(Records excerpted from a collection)
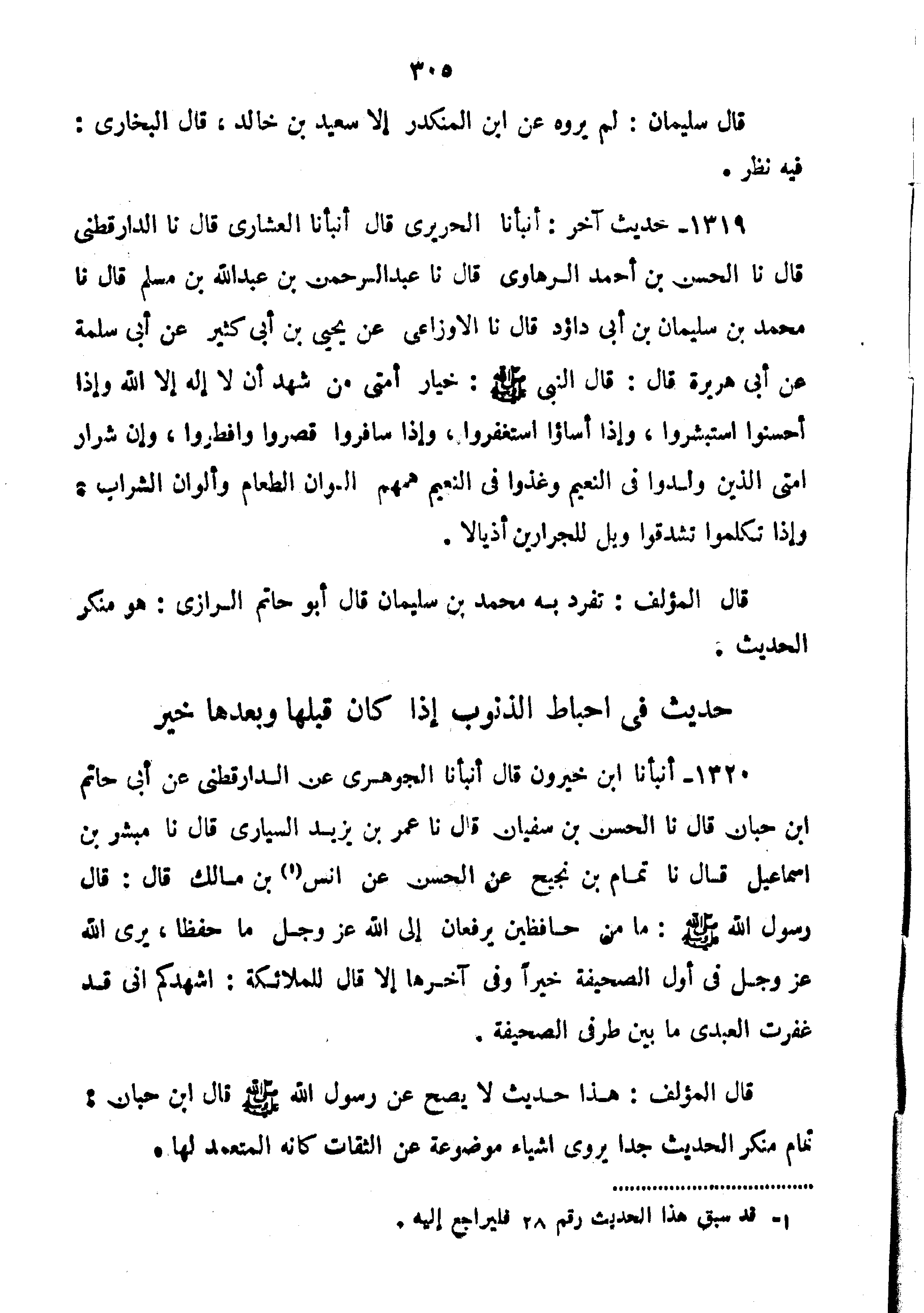 1320-أَنْبَأَنَا ابن خيرون قال أنبأنا الجر هري عَنِ الدَّارَقُطْنِيِّ عَنْ أَبِي حَاتِمِ بْنِ حَبَّانَ قَالَ نا الْحَسَنُ بْنُ سُفْيَانَ قَالَ نا عُمَرُ بْنُ يَزِيدَ السَّيَّارِيُّ قَالَ نا مبشر ابن إِسْمَاعِيلَ قَالَ نا تَمَّامُ بْنُ نُجَيْحٍ عَنِ الْحَسَنِ عَنْ أَنَسٍ بْنِ مَالِكٍ قَالَ: قَالَ رَسُولُ اللَّهِ صَلَّى اللَّهُ عَلَيْهِ وَسَلَّمَ: "مَا مِنْ حَافِظَيْنِ يَرْفَعَانِ إِلَى اللَّهِ عَزَّ وَجَلَّ مَا حَفِظَا يَرَى اللَّهُ عَزَّ وَجَلَّ فِي أَوَّلِ الصَّحِيفَةِ خَيْرًا وَفِي آخِرِهَا إِلا قَالَ لِلْمَلائِكَةِ أُشْهِدُكُمْ إِنِّي قَدْ غَفَرْتُ لِعَبْدِي مَا بَيْنَ طَرَفَيِ الصَّحِيفَةِ".
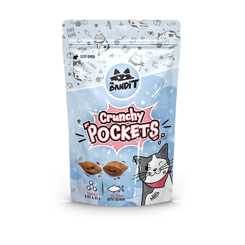 Mr. Bandit ХРУСТКІ ПОДУШЕЧКИ — хрусткі, м’ясні смаколики для котів–гурманів. Це хрустке збагачене таурином печиво додає енергії бешкетникам!
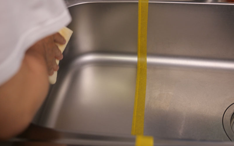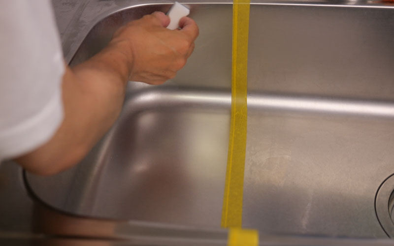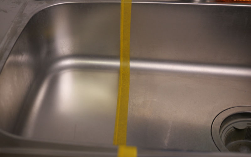 そうしたら実際にシンクでも試してみようと思います。マスキングテープを貼ったので左側にシンク・洗面台用のコーティング剤を施工していこうと思います。
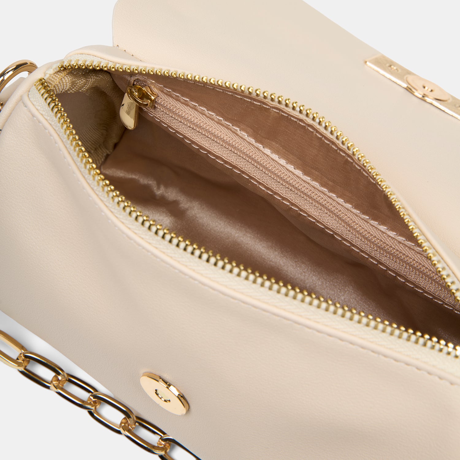 Kadın Ekru Gold Zincir Detaylı El ve Omuz Çantası
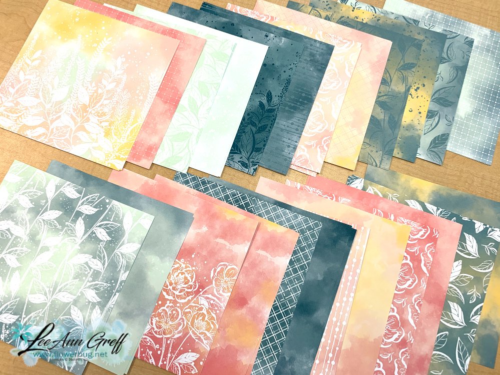 She made her own paper with the stamps in the set. She used Pretty in Pink, Night of Navy & Flirty Flamingo inks. She added die-cut gears from the Metallic Textured Specialty papers seen here.
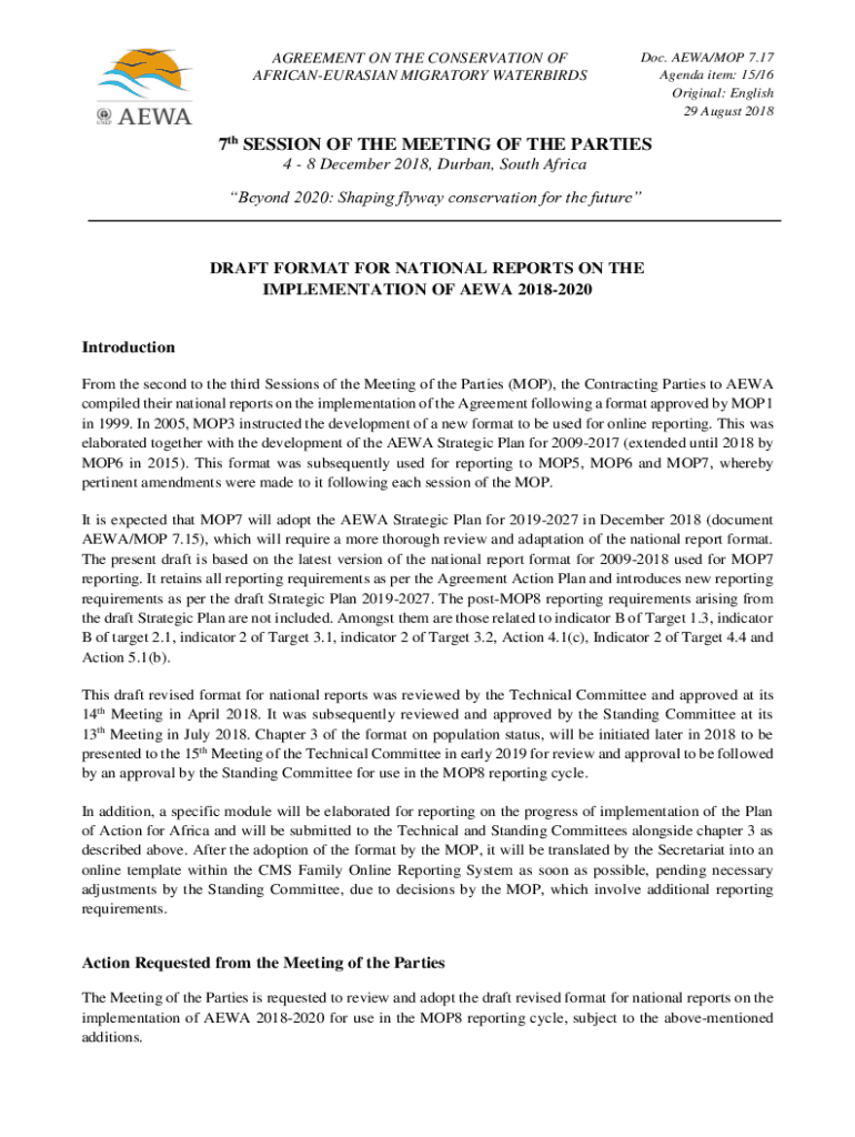 AGREEMENT ON THE CONSERVATION OF AFRICANEURASIAN MIGRATORY Waterbirds. AEA/MOP 7.17 Agenda item: 15/16 Original: English 29 August 20187th SESSION OF THE MEETING OF THE PARTIES 4 8 December 2018,
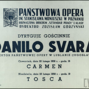08.06.1958–21.06.1958Afisz spektakli Carmen Georges’a Bizeta i Tosca Giacoma Pucciniego z gościnnym udziałem dyrygenta Danila Svary

> [EXERCISE GOAL] Omitting the pictures, repeat all entries exactly.

> [SOLUTION TO THIS PROBLEM]
 1320-أَنْبَأَنَا ابن خيرون قال أنبأنا الجر هري عَنِ الدَّارَقُطْنِيِّ عَنْ أَبِي حَاتِمِ بْنِ حَبَّانَ قَالَ نا الْحَسَنُ بْنُ سُفْيَانَ قَالَ نا عُمَرُ بْنُ يَزِيدَ السَّيَّارِيُّ قَالَ نا مبشر ابن إِسْمَاعِيلَ قَالَ نا تَمَّامُ بْنُ نُجَيْحٍ عَنِ الْحَسَنِ عَنْ أَنَسٍ بْنِ مَالِكٍ قَالَ: قَالَ رَسُولُ اللَّهِ صَلَّى اللَّهُ عَلَيْهِ وَسَلَّمَ: "مَا مِنْ حَافِظَيْنِ يَرْفَعَانِ إِلَى اللَّهِ عَزَّ وَجَلَّ مَا حَفِظَا يَرَى اللَّهُ عَزَّ وَجَلَّ فِي أَوَّلِ الصَّحِيفَةِ خَيْرًا وَفِي آخِرِهَا إِلا قَالَ لِلْمَلائِكَةِ أُشْهِدُكُمْ إِنِّي قَدْ غَفَرْتُ لِعَبْدِي مَا بَيْنَ طَرَفَيِ الصَّحِيفَةِ".
 Mr. Bandit ХРУСТКІ ПОДУШЕЧКИ — хрусткі, м’ясні смаколики для котів–гурманів. Це хрустке збагачене таурином печиво додає енергії бешкетникам!
 そうしたら実際にシンクでも試してみようと思います。マスキングテープを貼ったので左側にシンク・洗面台用のコーティング剤を施工していこうと思います。
 Kadın Ekru Gold Zincir Detaylı El ve Omuz Çantası
 She made her own paper with the stamps in the set. She used Pretty in Pink, Night of Navy & Flirty Flamingo inks. She added die-cut gears from the Metallic Textured Specialty papers seen here.
 AGREEMENT ON THE CONSERVATION OF AFRICANEURASIAN MIGRATORY Waterbirds. AEA/MOP 7.17 Agenda item: 15/16 Original: English 29 August 20187th SESSION OF THE MEETING OF THE PARTIES 4 8 December 2018,
08.06.1958–21.06.1958Afisz spektakli Carmen Georges’a Bizeta i Tosca Giacoma Pucciniego z gościnnym udziałem dyrygenta Danila Svary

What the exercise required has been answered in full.